From c++2003 2.13
A wide string literal has type “array of n const wchar_t” and has static storage duration, where n is the size of the string as defined below
The size of a wide string literal is the total number of escape sequences, universal-character-names, and other characters, plus one for the terminating L’\0’.
From c++0x 2.14.5
A wide string literal has type “array of n const wchar_t”, where n is the size of the string as defined below
The size of a char32_t or wide string literal is the total number of escape sequences, universal-character-names, and other characters, plus one for the terminating U’\0’ or L’\0’.
The size of a char16_t string literal is the total number of escape sequences, universal-character-names, and other characters, plus one for each character requiring a surrogate pair, plus one for the terminating u’\0’.
The statement in C++2003 is quite vague. But in C++0x, when counting the length of the string, the wide string literal wchar_t shall be treated as same as char32_t, and different from char16_t.
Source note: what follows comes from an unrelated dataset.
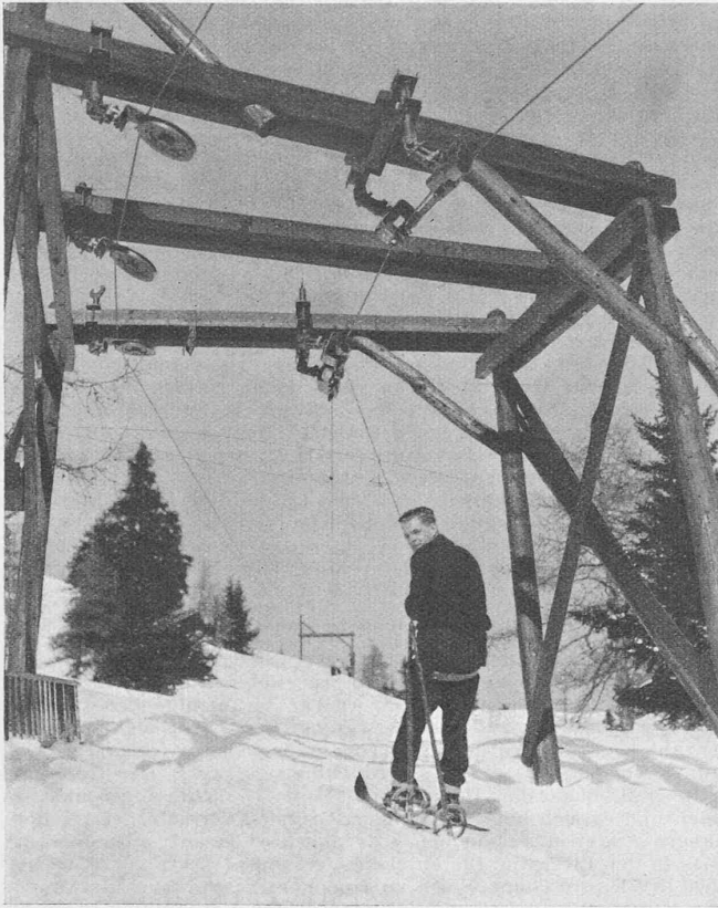
Abb. 2. Skilift System Beda Hefti , Ausführung Oehler & Cie. , Aarau Kurvenführung des Zugseils.

gesamte Projekt sieht ausser der Wiederherstellung des eigentlichen Rathauses im Aeussern Veränderungen im Innern, insbesondere die Schaffung eines zweckmässigen Saales für die Grossratsverhandlungen, die Wiederfreilegung der im Erdgeschoss liegenden Gewölbe, sowie eine bessere Verteilung der im Rathaus untergebrachten Verwaltungsbüreaux vor. In Verbindung mit diesem Hauptteil des Rathauses soll nun, unter Belassung eines Teiles der Räume des alten Nebengebäudes, ein neuer Verwaltungstrakt entstehen, der Staatskanzlei, Staatsarchiv, Drucksachenarchiv in einem Verwaltungsflügel an der Postgasse und einen Archivbau nach der Aareseite zu aufnehmen wird. Die Bausumme für die auszuführenden beiden Flügel beläuft sich auf 1,58 Mill. Fr. Der Bau steht unter der Leitung der kantonalen Baudirektion, unter Zuzug privater Firmen Berns. Mit dem Verwaltungsflügel sind die Architekten Peter Indermühle & Heinrich Daxelhofer in Bern, mit dem Archivbau die Firma von Sinner & Beyeler in Bern betraut.

There's a post that states clearly how windows implements wchar_t in https://stackoverflow.com/questions/402283?tab=votes%23tab-top
In short, wchar_t in windows is 16bits and encoded using UTF-16. The statement in standard apparently leaves something conflicting in Windows.
for example,
wchar_t kk[] = L"\U000E0005";
This exceeds 16bits and for UTF-16 it needs two 16 bits to encode it (a surrogate pair).
However, from standard, kk is an array of 2 wchar_t (1 for the universal-name \U000E005, 1 for \0).
But in the internal storage, Windows need 3 16-bit wchar_t objects to store it, 2 wchar_t for the surrogate pair, and 1 wchar_t for the \0. Therefore, from array's definition, kk is an array of 3 wchar_t.
It's apparently conflicting to each other.
I think one simplest solution for Windows is to "ban" anything that requires surrogate pair in wchar_t ("ban" any unicode outside BMP).
Is there anything wrong with my understanding?
Thanks.